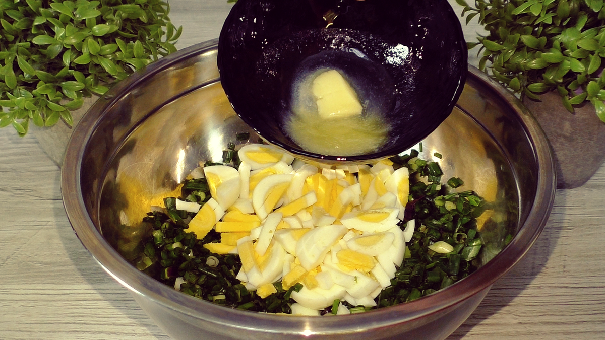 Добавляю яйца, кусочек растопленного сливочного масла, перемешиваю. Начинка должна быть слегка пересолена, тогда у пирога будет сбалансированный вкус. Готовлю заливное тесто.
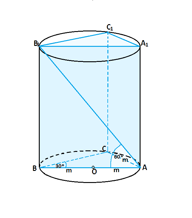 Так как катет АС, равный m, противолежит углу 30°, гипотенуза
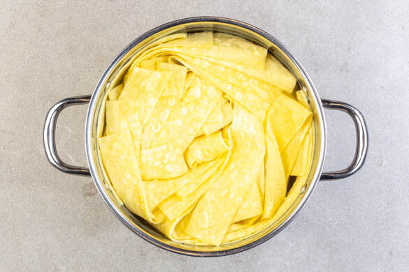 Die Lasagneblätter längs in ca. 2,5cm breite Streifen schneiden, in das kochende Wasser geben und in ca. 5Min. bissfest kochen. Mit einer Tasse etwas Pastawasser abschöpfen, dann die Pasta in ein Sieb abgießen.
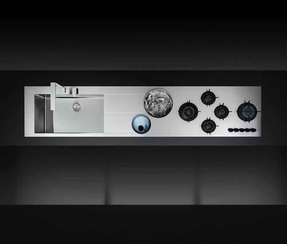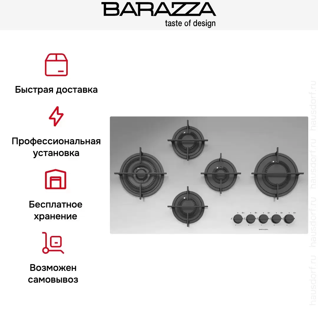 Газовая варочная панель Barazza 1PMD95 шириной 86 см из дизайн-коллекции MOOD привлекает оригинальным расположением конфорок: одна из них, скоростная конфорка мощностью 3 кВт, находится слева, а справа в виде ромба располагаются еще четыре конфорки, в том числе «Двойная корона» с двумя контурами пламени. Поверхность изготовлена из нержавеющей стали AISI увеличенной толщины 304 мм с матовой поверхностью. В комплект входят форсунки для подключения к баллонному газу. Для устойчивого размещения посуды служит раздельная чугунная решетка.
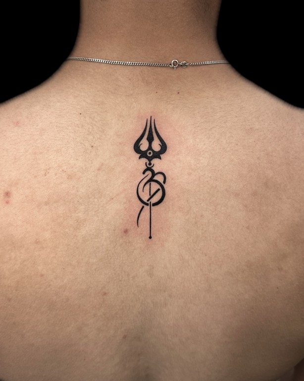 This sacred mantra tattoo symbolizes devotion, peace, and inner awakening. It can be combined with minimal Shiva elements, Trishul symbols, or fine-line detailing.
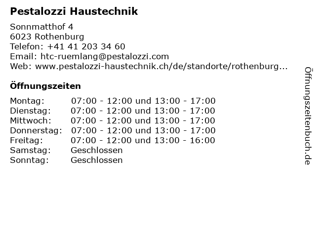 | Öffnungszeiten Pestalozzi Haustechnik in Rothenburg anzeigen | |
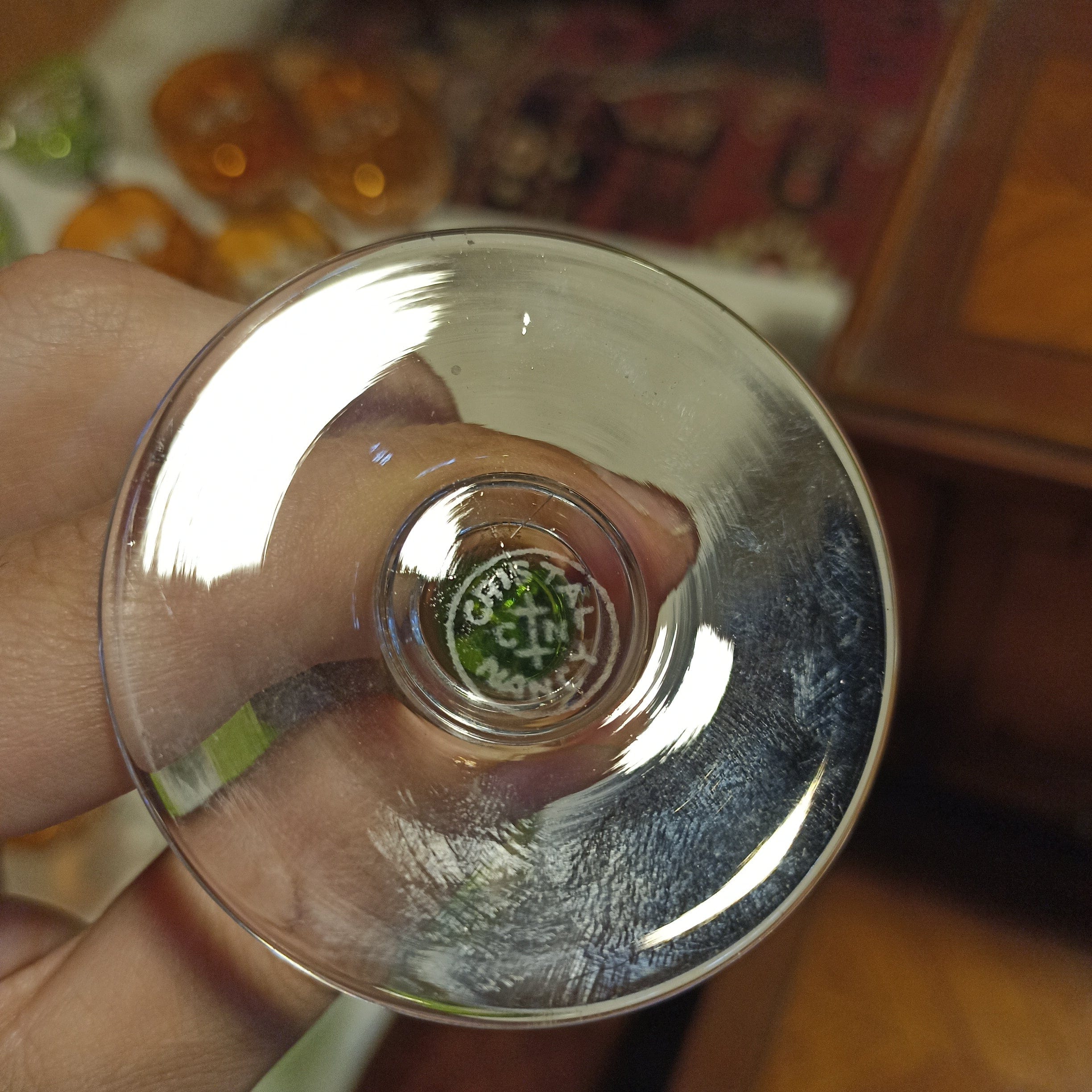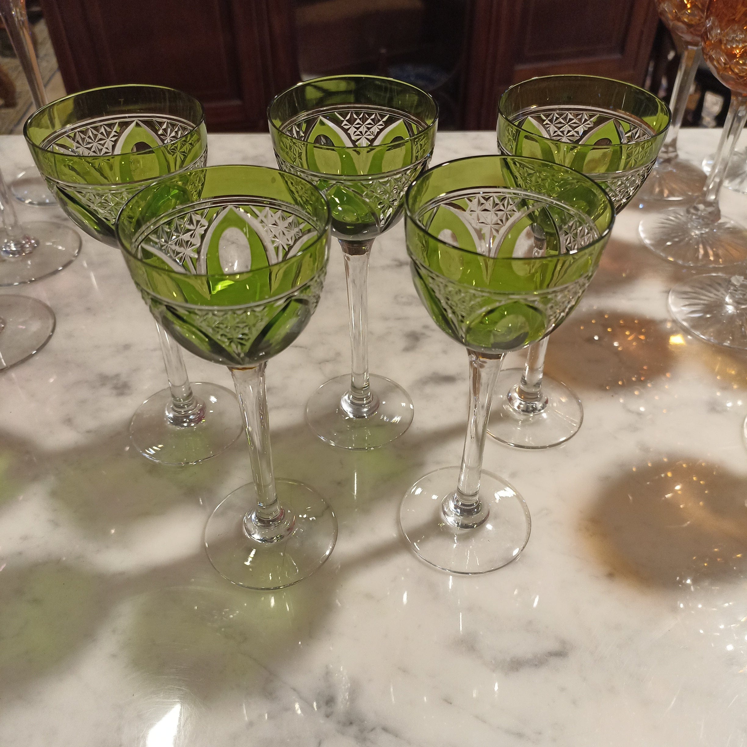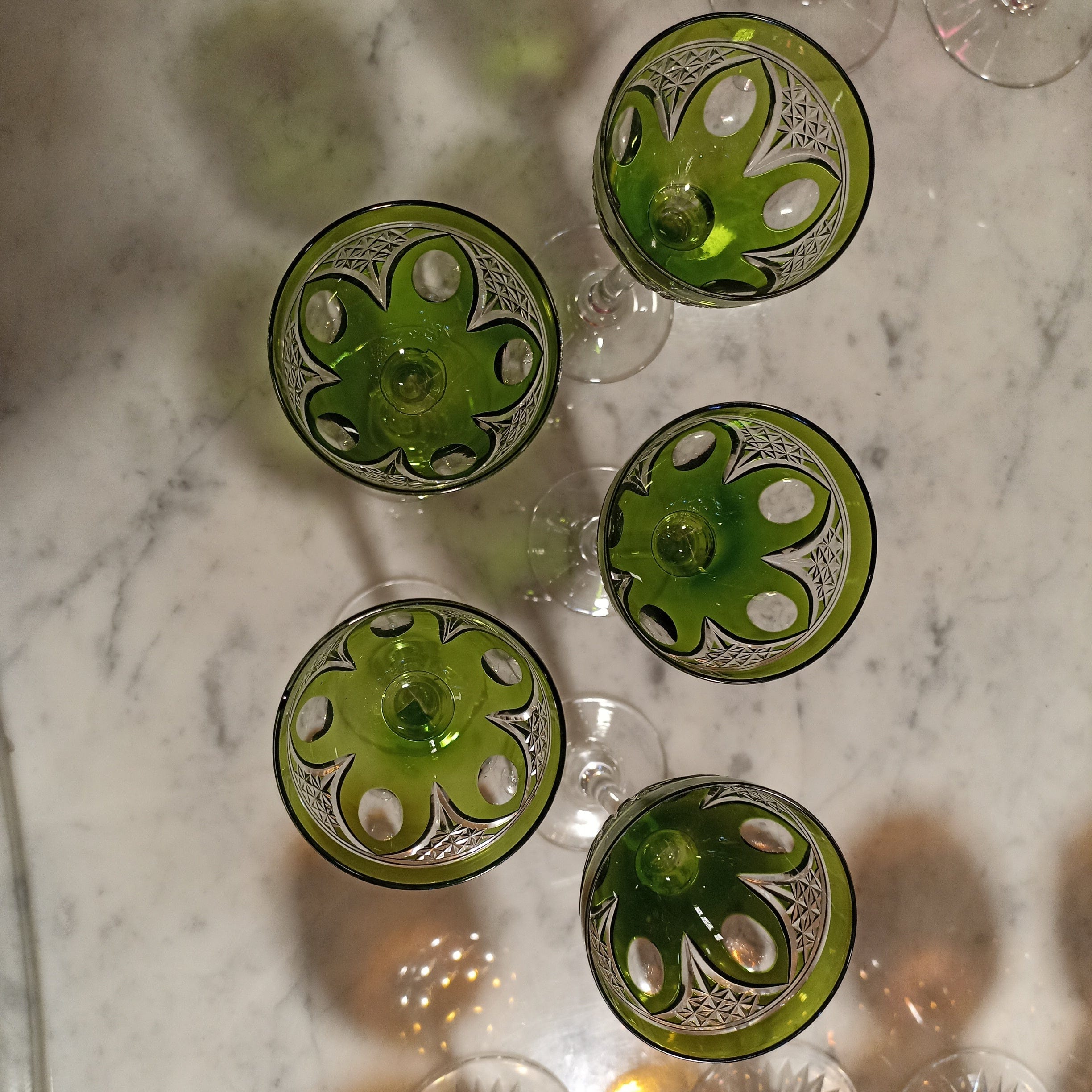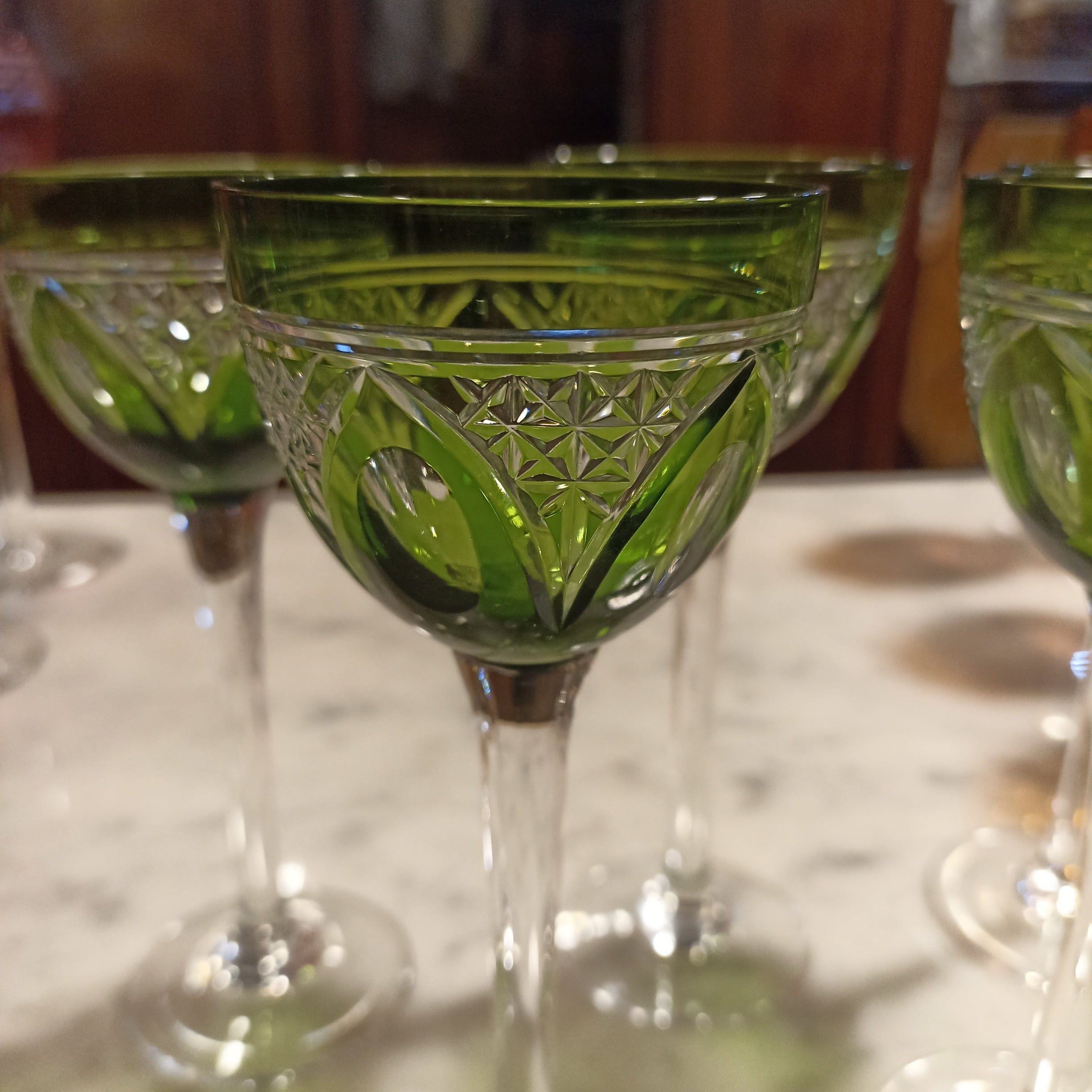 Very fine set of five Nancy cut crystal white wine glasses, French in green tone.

* * *

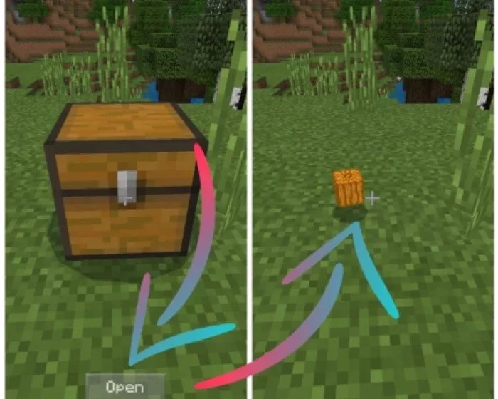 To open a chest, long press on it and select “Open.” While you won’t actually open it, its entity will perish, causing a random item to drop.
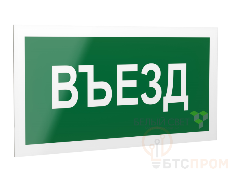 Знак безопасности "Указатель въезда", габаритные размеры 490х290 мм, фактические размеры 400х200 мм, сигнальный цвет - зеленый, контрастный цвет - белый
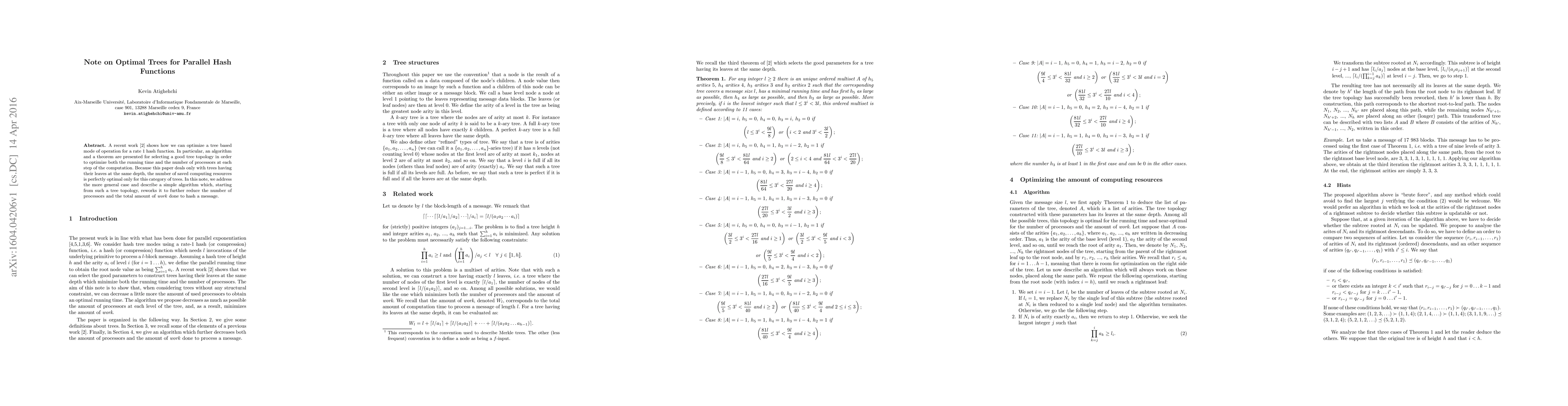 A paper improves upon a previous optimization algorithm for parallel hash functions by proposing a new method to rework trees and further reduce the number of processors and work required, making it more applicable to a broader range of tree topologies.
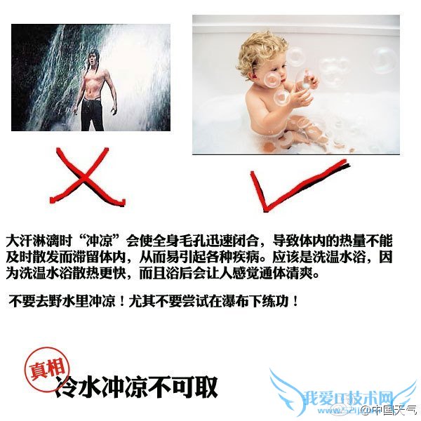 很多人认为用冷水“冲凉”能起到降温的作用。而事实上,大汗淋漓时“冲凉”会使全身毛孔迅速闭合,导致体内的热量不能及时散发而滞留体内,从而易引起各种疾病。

> _INSTRUCTIONS FOR THE TASK_: Set down, exactly as written above, each line from the one with "Газовая варочная панель" through the one with "Very fine set", and skip the pictures.

> _ANSWER FOR THIS EXERCISE_:
 Газовая варочная панель Barazza 1PMD95 шириной 86 см из дизайн-коллекции MOOD привлекает оригинальным расположением конфорок: одна из них, скоростная конфорка мощностью 3 кВт, находится слева, а справа в виде ромба располагаются еще четыре конфорки, в том числе «Двойная корона» с двумя контурами пламени. Поверхность изготовлена из нержавеющей стали AISI увеличенной толщины 304 мм с матовой поверхностью. В комплект входят форсунки для подключения к баллонному газу. Для устойчивого размещения посуды служит раздельная чугунная решетка.
 This sacred mantra tattoo symbolizes devotion, peace, and inner awakening. It can be combined with minimal Shiva elements, Trishul symbols, or fine-line detailing.
 | Öffnungszeiten Pestalozzi Haustechnik in Rothenburg anzeigen | |
 Very fine set of five Nancy cut crystal white wine glasses, French in green tone.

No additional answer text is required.